§ **What you should do**: Every record should be restated exactly, with no images included.

Saved entries
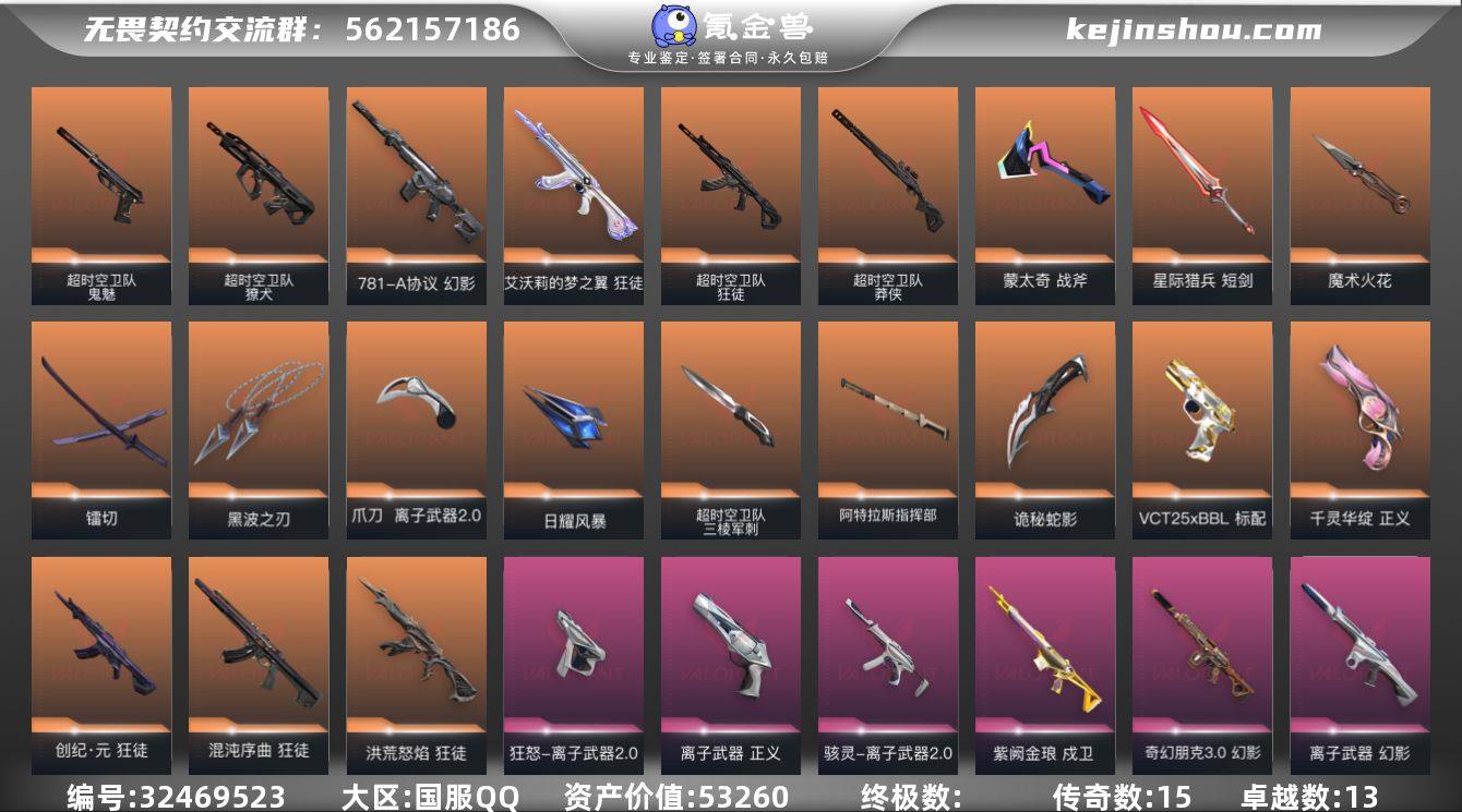 刀:黑波,镭切,超时空(三棱),魔术火花(蝴蝶刀),离子爪刀 ak:流脓,离子,狮子,混沌,朋克,紫金,猫猫,超时空,创纪元 m4:朋克,781协议,离子 正义:离子,莲花 鬼魅,獠犬,莽侠:超时空 狂怒,战神,骇灵:离子 奥丁,戍卫:紫金 冥狙:弃王 标配:VCT
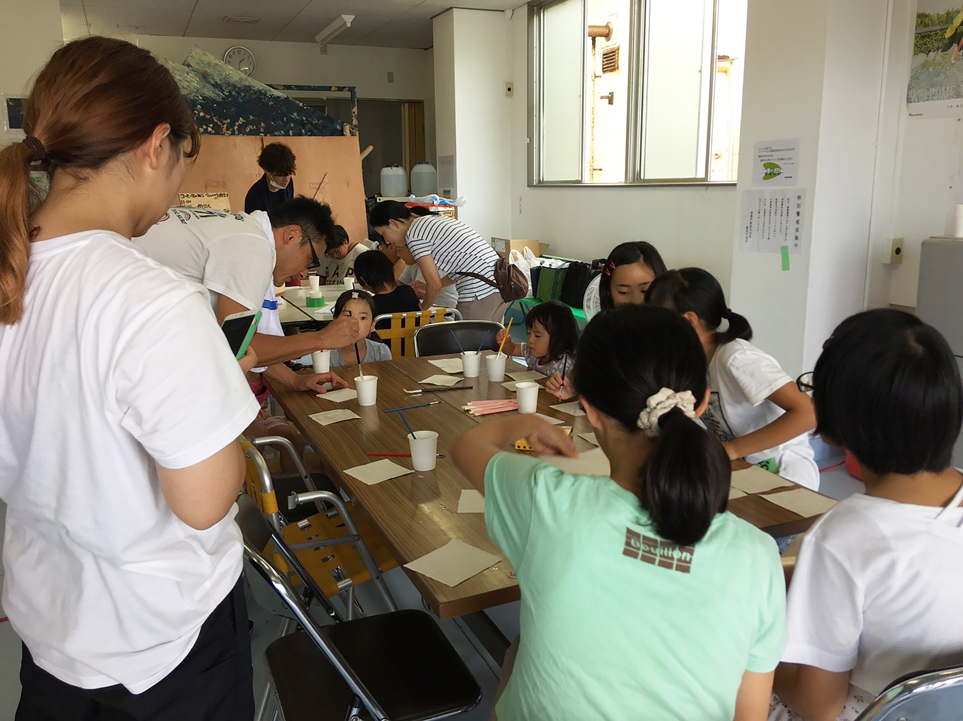 8月18日、昨年度改修を行った東海汽船事務所1階にて、この建物とものづくりを身近に感じて欲しいという目的で地域の子どもたち向けにコーヒー染めワークショップを実施した。約30名が訪れ、コーヒー染めをはじめ草木染め、凧揚げや竹の水鉄砲などの昔遊びに学生とともに挑戦した。参加した子どもの1人は、「楽しかった、またここに来たい」と挨拶するなど、最後までものづくりを楽しんだ様子。代表の長谷川由佳さん(建設工学専攻 修士1年)は、「こうしたイベントを通じて、顔見知りも増えて徐々に地域に根付いていることを実感しました。この建物が、ものづくりの場として活用されることを地域に知ってもらう良い機会にもなったと感じます」と話した。
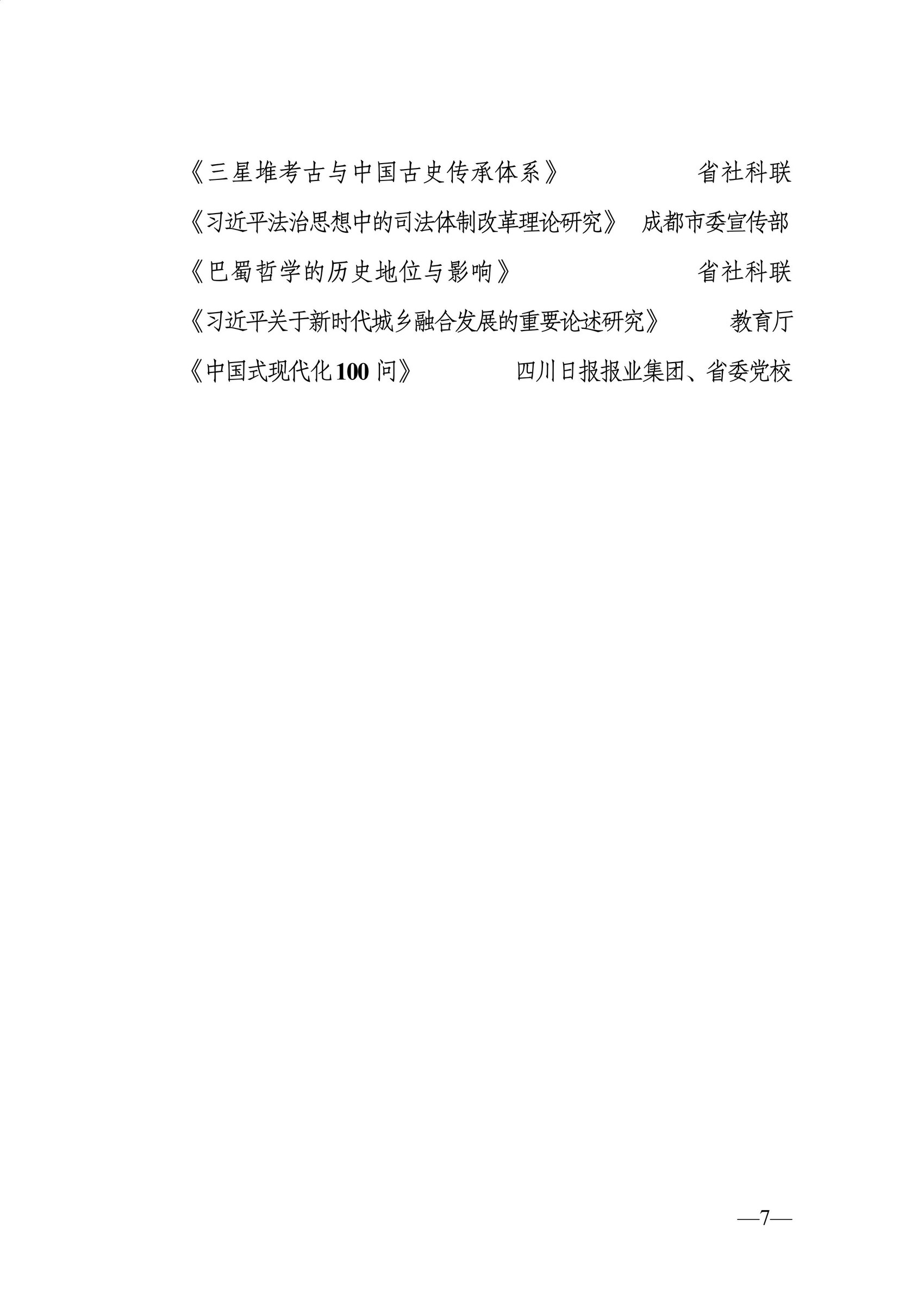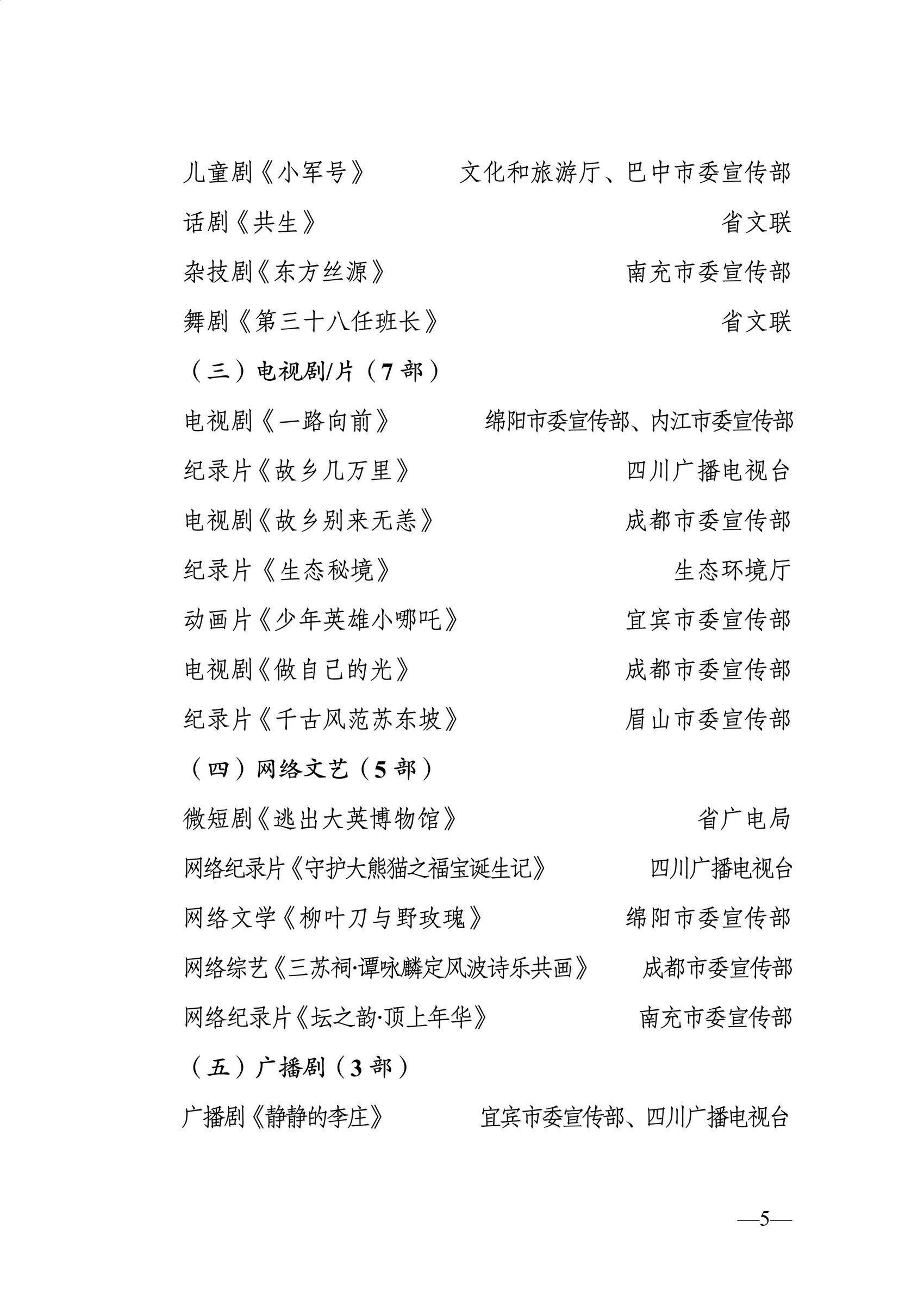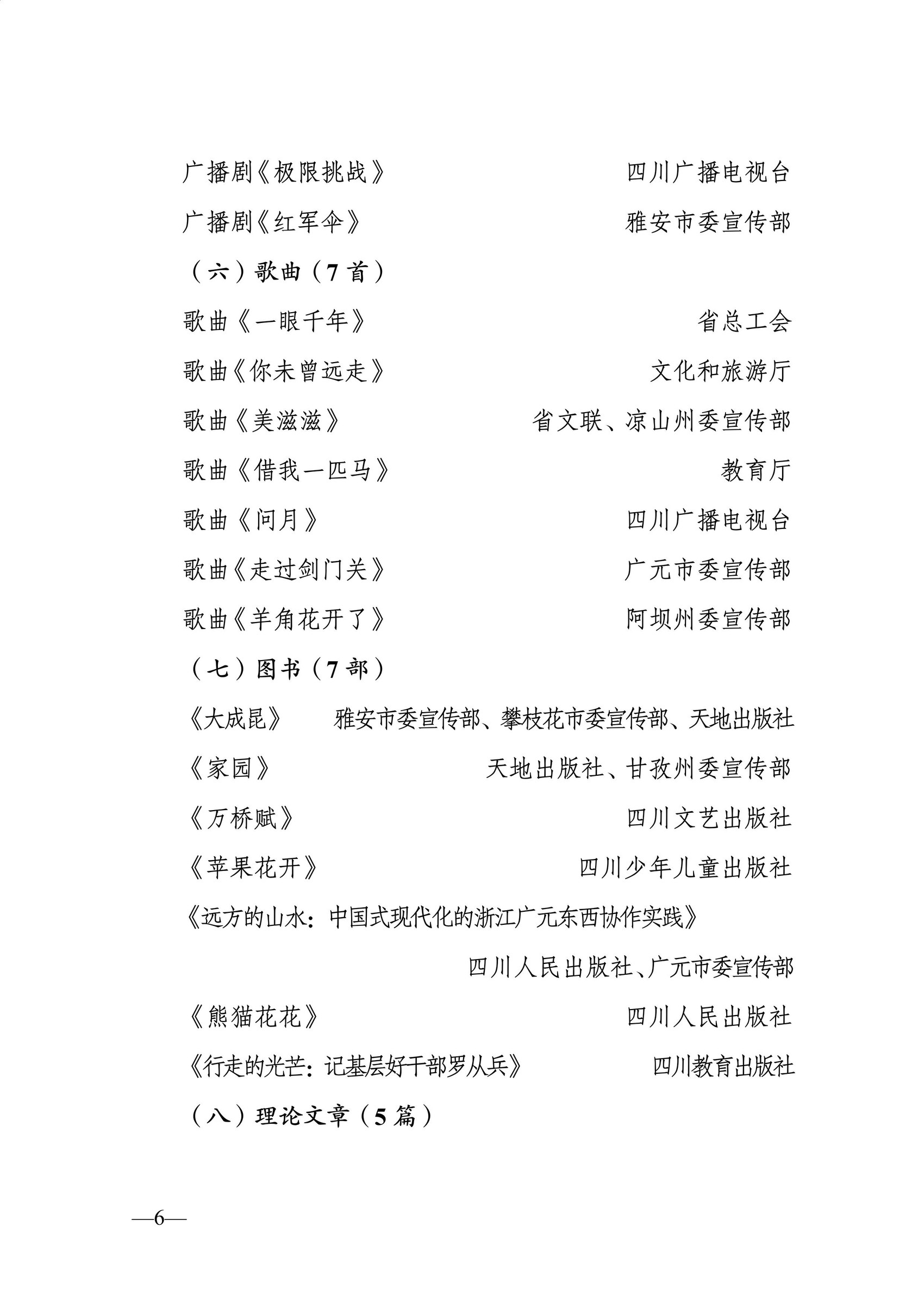 《你是我的英雄》等5部电影作品、川剧《梦回东坡》等6部戏剧作品、《一路向前》等7部电视剧/片作品、微短剧《逃出大英博物馆》等5部网络文艺作品、《静静的李庄》等3部广播剧作品、《一眼千年》等7首歌曲作品、《大成昆》等7部图书、《三星堆考古与中国古史传承体系》等5篇理论文章获四川省第十七届精神文明建设“五个一工程”优秀作品奖。
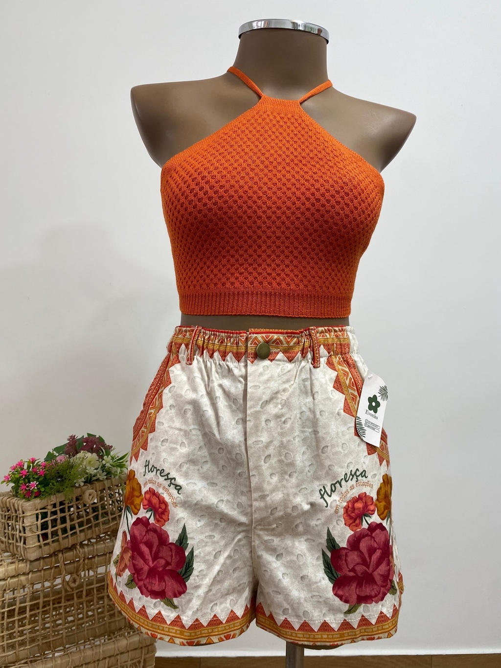 O Short possui elástico em volta da cintura, possui bolso nas laterais, Ziper e botão na frente. Fundo da cor é Off-white.
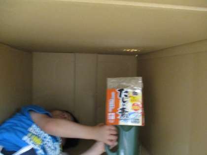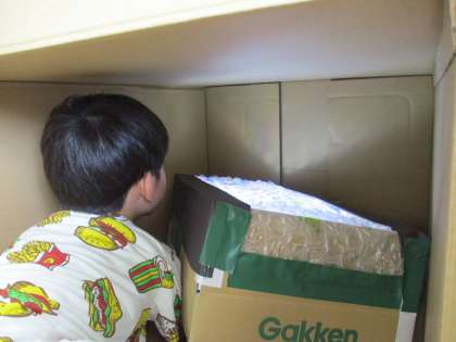 段ボールや空き箱にアルミホイルや透明シートに色を塗って貼り付け、下からライトを当て大きな段ボールに映してみました。「あっ、星ができた」「きれいだよ」「すごい」と驚いたり喜んだりしていました。
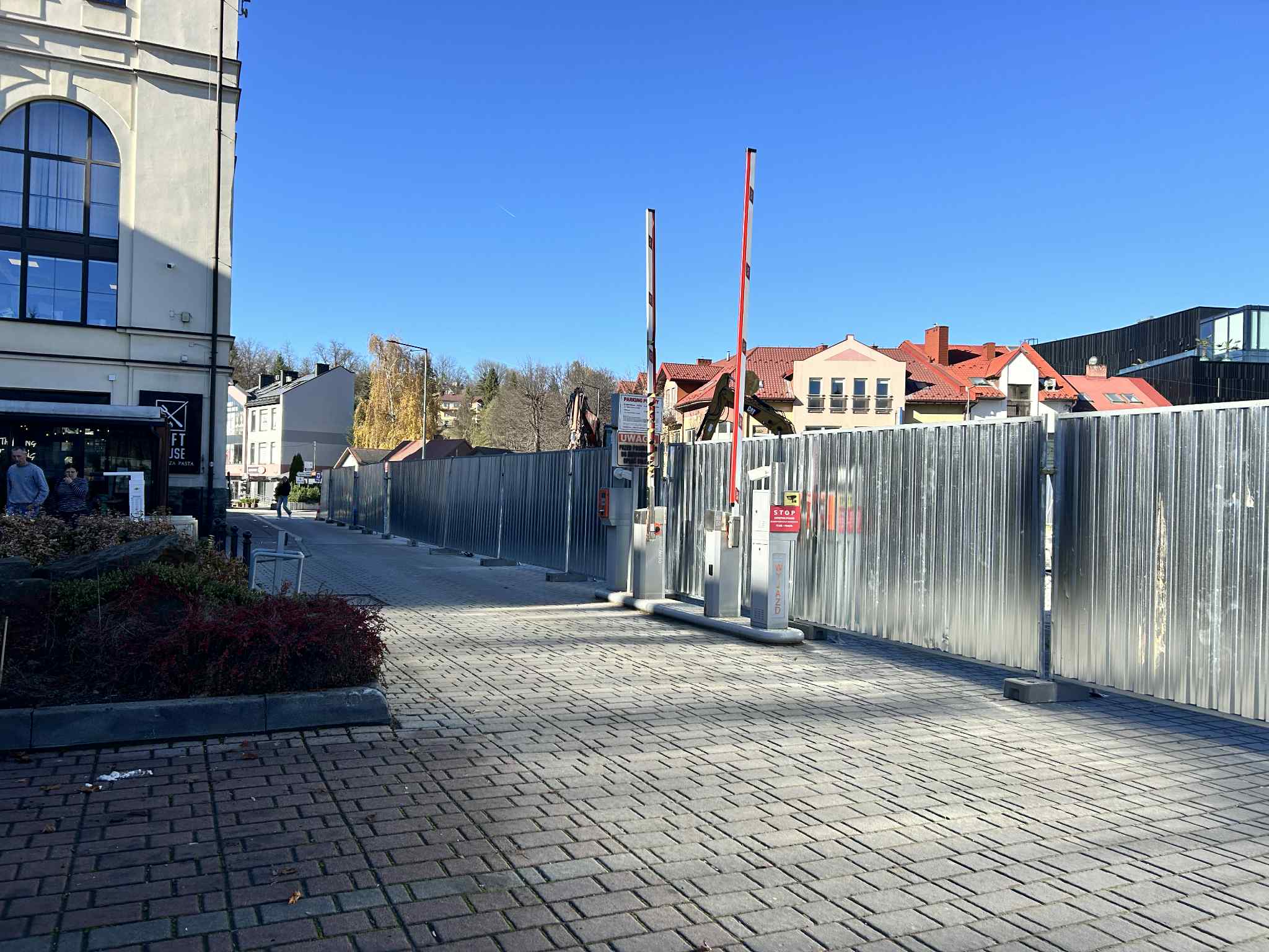 Na razie został wyburzony budynek, w którym mieścił się sklep spożywczy. Teren ten został oddzielony metalowym ogrodzeniem, za którym można było jeszcze dzisiaj zauważyć odpady pobudowlane i gruz z rozbiórki obiektu handlowego. Później rozpoczną się prace związane z budową sieci kanalizacyjnej, elektrycznej, gazowej i odwodnieniem, aby przygotować teren pod planowaną inwestycję.
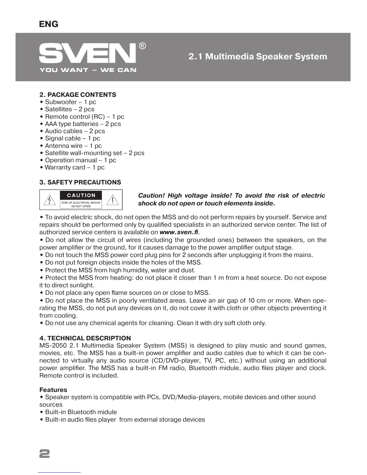 movies, etc. The MSS has a built-in power amplifier and audio cables due to which it can be con-

§ **Response area**:
 刀:黑波,镭切,超时空(三棱),魔术火花(蝴蝶刀),离子爪刀 ak:流脓,离子,狮子,混沌,朋克,紫金,猫猫,超时空,创纪元 m4:朋克,781协议,离子 正义:离子,莲花 鬼魅,獠犬,莽侠:超时空 狂怒,战神,骇灵:离子 奥丁,戍卫:紫金 冥狙:弃王 标配:VCT
 8月18日、昨年度改修を行った東海汽船事務所1階にて、この建物とものづくりを身近に感じて欲しいという目的で地域の子どもたち向けにコーヒー染めワークショップを実施した。約30名が訪れ、コーヒー染めをはじめ草木染め、凧揚げや竹の水鉄砲などの昔遊びに学生とともに挑戦した。参加した子どもの1人は、「楽しかった、またここに来たい」と挨拶するなど、最後までものづくりを楽しんだ様子。代表の長谷川由佳さん(建設工学専攻 修士1年)は、「こうしたイベントを通じて、顔見知りも増えて徐々に地域に根付いていることを実感しました。この建物が、ものづくりの場として活用されることを地域に知ってもらう良い機会にもなったと感じます」と話した。
 《你是我的英雄》等5部电影作品、川剧《梦回东坡》等6部戏剧作品、《一路向前》等7部电视剧/片作品、微短剧《逃出大英博物馆》等5部网络文艺作品、《静静的李庄》等3部广播剧作品、《一眼千年》等7首歌曲作品、《大成昆》等7部图书、《三星堆考古与中国古史传承体系》等5篇理论文章获四川省第十七届精神文明建设“五个一工程”优秀作品奖。
 O Short possui elástico em volta da cintura, possui bolso nas laterais, Ziper e botão na frente. Fundo da cor é Off-white.
 段ボールや空き箱にアルミホイルや透明シートに色を塗って貼り付け、下からライトを当て大きな段ボールに映してみました。「あっ、星ができた」「きれいだよ」「すごい」と驚いたり喜んだりしていました。
 Na razie został wyburzony budynek, w którym mieścił się sklep spożywczy. Teren ten został oddzielony metalowym ogrodzeniem, za którym można było jeszcze dzisiaj zauważyć odpady pobudowlane i gruz z rozbiórki obiektu handlowego. Później rozpoczną się prace związane z budową sieci kanalizacyjnej, elektrycznej, gazowej i odwodnieniem, aby przygotować teren pod planowaną inwestycję.
 movies, etc. The MSS has a built-in power amplifier and audio cables due to which it can be con-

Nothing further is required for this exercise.